En El desierto rojo el personaje ya no es una mujer, es el color. Pero la plasticidad también representa cierta visión anticapitalista. Por ejemplo: el contexto de esta cinta es una zona industrial, que explica la neurosis de su personaje en tanto que la exacerba. No obstante, ese complejo industrial guarda una estética especial que embelesa al autor: “mi intención era traducir la poesía de ese mundo en el que, incluso las fábricas, pueden ser bellas”. Cuando otro gran director, Jean-Luc Godard, le hace notar la preponderancia del uso del color sobre el diálogo, como un discurso, Antonioni explica: “lo más importante aquí es el color, todo el drama está condicionado por ese entorno, lo vuelve un drama vivo”. Godard lo cuestiona: “¿El drama ha dejado de ser psicológico para volverse plástico?” “¡Es lo mismo!”, responde.
Esta, su primera película en color, significa una ruptura con su filmografía anterior. Con el color inicia un camino que será mucho más rico en matices, aciertos y desaciertos. Es ambicioso, pero no siempre con éxito. Blow Up (1966) se vuelve un clásico, ¿pero quién se acuerda de El reportero (1974), de El misterio de Oberwald (1980)? Si hay uno de estos filmes que merece ser rescatado, ese es Zabriskie Point: un salto en su estilo, antes tan parsimonioso, como de un transcurrir estático, para derivar en este vértigo propio de la mejor road movie. Antonioni alterna imágenes delirantes y secuencias poéticas, armonizando con la banda sonora de Pink Floyd y Jerry García.
La película fue rodada en California, y este choque con Estados Unidos fue fructífero para él, pues lejos de tomar una postura francamente antiyanqui, antiHollywood, prefiere que el país se desborde sobre él y lo rebase, con todas sus contradicciones y desproporciones. Antonioni tiene una experiencia viva de Estados Unidos, recorre el país y quiere verlo todo, pero no como un turista: “Si hay riots [revueltas de negros], iré con la cámara filmar eso. Luego demolerán un barrio entero en Los Ángeles, para hacer otro. También lo rodaré.” Así explica al país en unos cuantos trazos: la rutina, la burocracia, la máquina, el individualismo, el despilfarro, la moral ingenua y la necesidad de rompimiento.
No desprecia la electrónica ni la ciencia ficción; ve en ellas simples herramientas o alternativas, y ve con desdén a aquellos que rechazan los adelantos de la tecnología. Pero su postura nunca deja de ser distancia crítica o, mejor dicho, no hay superchería que lo deslumbre. Al hablar de Star Wars, por ejemplo, no hace pedazos la película, pero lamenta que, cada vez más, haya en las salas un cine “hecho para niños, y se olviden de los adultos”. En otra ocasión, al referirse a E. T., comenta: “es una película inteligente, lo malo es que presenta sentimientos decimonónicos. Fue muy inteligente por parte de Spielberg darle corazón al monstruito”.

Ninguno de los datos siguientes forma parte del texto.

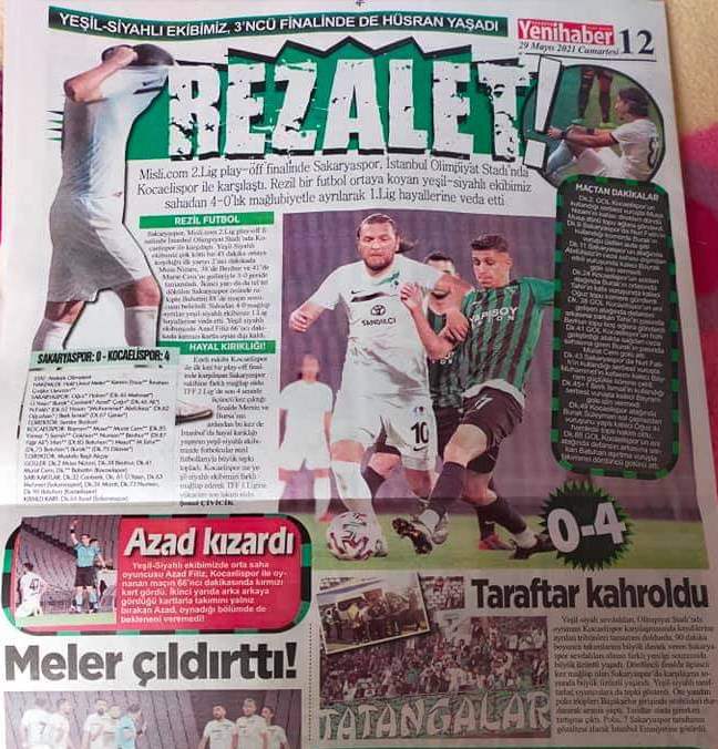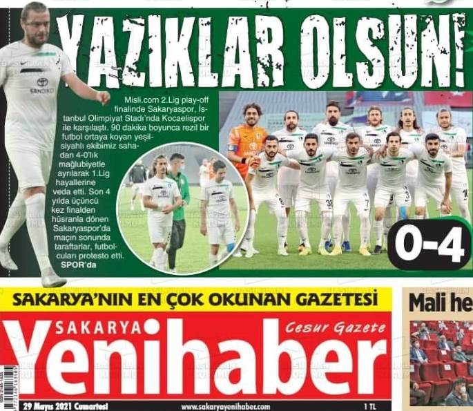 Yeni Haber Gazetesi haberi “Yazıklar olsun… Rezalet” başlığı ile görürken, Yeni Sakarya Gazetesi “Play-Off laneti” başlığını attı. Bizim Sakarya Gazetesi’nin “Bu lige çakıldık” dediği maç haberi ile ilgili tüm ulusal gazeteler Kocaelispor’un haklı bir galibiyet ve şampiyonluk elde ettiğini belirtti.

Sobre su contribución al cine moderno, alguna vez escribió: “Son los críticos quienes lo han de decir. Y ni siquiera los críticos de hoy, sino los de mañana, siempre que el cine siga siendo una forma de arte y que mis películas resistan a la usura del tiempo.”
Antonioni falleció justo el mismo día que otro gran artista, Ingmar Bergman, el 30 de julio de 2007. A cinco años de su muerte su obra está ahí, para ser discutida y gozada. En esa búsqueda de un lenguaje propio puso los cimientos de muchos registros que ha alcanzado el lenguaje cinematográfico como expresión artística. No hay que olvidarlo, el cine es arte, ahí está su origen. Y la obra de Antonioni es, no cabe duda, una de las más bellas formas de arte.